Source material —
------------------------------------------------------------

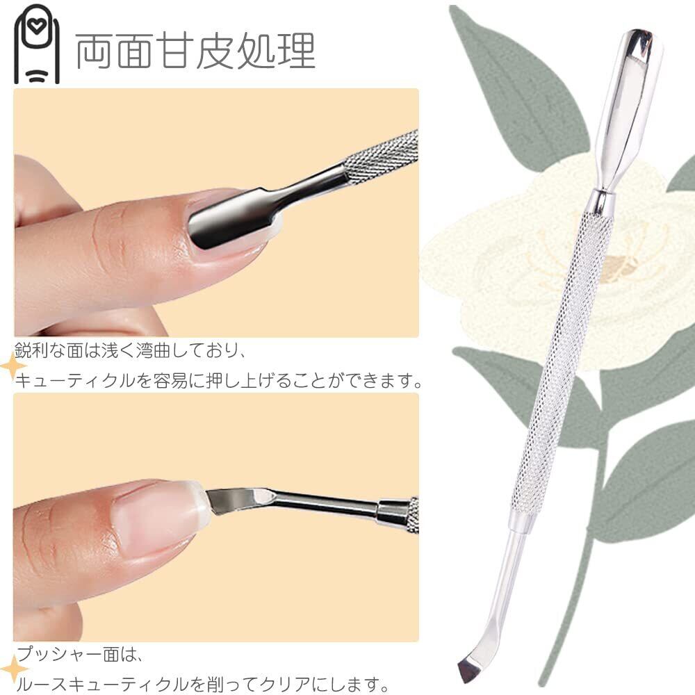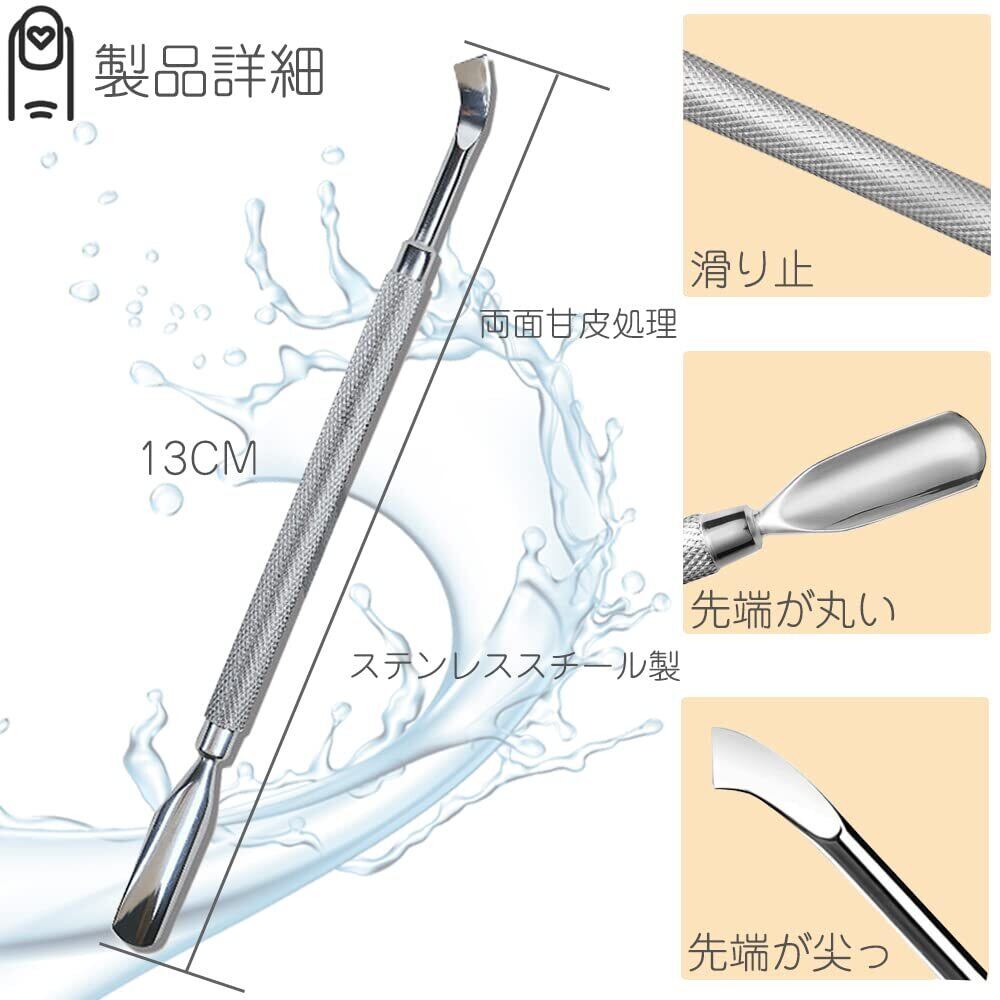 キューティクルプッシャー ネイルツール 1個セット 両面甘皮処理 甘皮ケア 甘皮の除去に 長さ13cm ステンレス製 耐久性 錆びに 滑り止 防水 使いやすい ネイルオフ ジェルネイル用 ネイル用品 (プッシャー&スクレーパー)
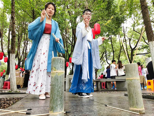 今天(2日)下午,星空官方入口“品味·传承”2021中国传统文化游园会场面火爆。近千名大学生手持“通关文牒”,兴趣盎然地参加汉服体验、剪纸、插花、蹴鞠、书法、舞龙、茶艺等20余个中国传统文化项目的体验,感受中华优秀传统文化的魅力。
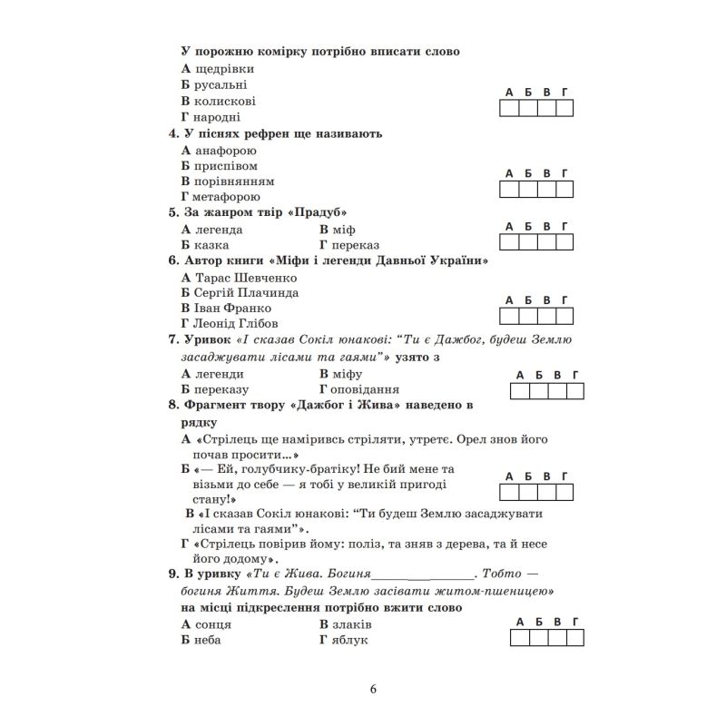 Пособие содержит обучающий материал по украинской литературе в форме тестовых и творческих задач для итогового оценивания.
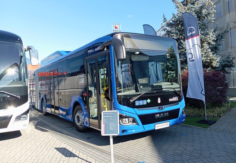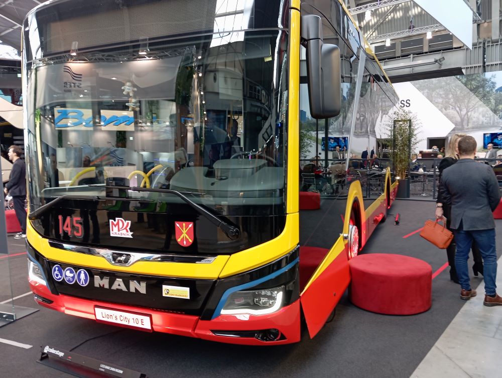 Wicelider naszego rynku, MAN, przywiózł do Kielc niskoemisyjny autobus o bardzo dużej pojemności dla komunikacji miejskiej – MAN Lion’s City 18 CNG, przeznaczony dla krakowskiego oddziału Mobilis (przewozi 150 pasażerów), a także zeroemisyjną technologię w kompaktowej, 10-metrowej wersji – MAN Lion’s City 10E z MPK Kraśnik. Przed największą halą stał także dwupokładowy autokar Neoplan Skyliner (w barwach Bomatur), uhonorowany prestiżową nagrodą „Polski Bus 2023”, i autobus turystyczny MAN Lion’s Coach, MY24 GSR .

------------------------------------------------------------

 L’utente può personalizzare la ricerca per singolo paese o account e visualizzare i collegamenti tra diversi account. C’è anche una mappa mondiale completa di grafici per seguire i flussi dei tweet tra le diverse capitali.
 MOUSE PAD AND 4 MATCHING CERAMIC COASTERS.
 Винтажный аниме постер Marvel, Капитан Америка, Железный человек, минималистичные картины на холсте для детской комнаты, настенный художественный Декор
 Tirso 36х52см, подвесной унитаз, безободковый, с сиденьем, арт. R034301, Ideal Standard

------------------------------------------------------------

Exercise objective —
Exactly reproduce the lines above, starting at the one that contains "キューティクルプッシャー ネイルツール 1個セット" and ending at the one that contains "Пособие содержит обучающий", both inclusive; leave the pictures out and add no other lines.

Task result —
 キューティクルプッシャー ネイルツール 1個セット 両面甘皮処理 甘皮ケア 甘皮の除去に 長さ13cm ステンレス製 耐久性 錆びに 滑り止 防水 使いやすい ネイルオフ ジェルネイル用 ネイル用品 (プッシャー&スクレーパー)
 今天(2日)下午,星空官方入口“品味·传承”2021中国传统文化游园会场面火爆。近千名大学生手持“通关文牒”,兴趣盎然地参加汉服体验、剪纸、插花、蹴鞠、书法、舞龙、茶艺等20余个中国传统文化项目的体验,感受中华优秀传统文化的魅力。
 Пособие содержит обучающий материал по украинской литературе в форме тестовых и творческих задач для итогового оценивания.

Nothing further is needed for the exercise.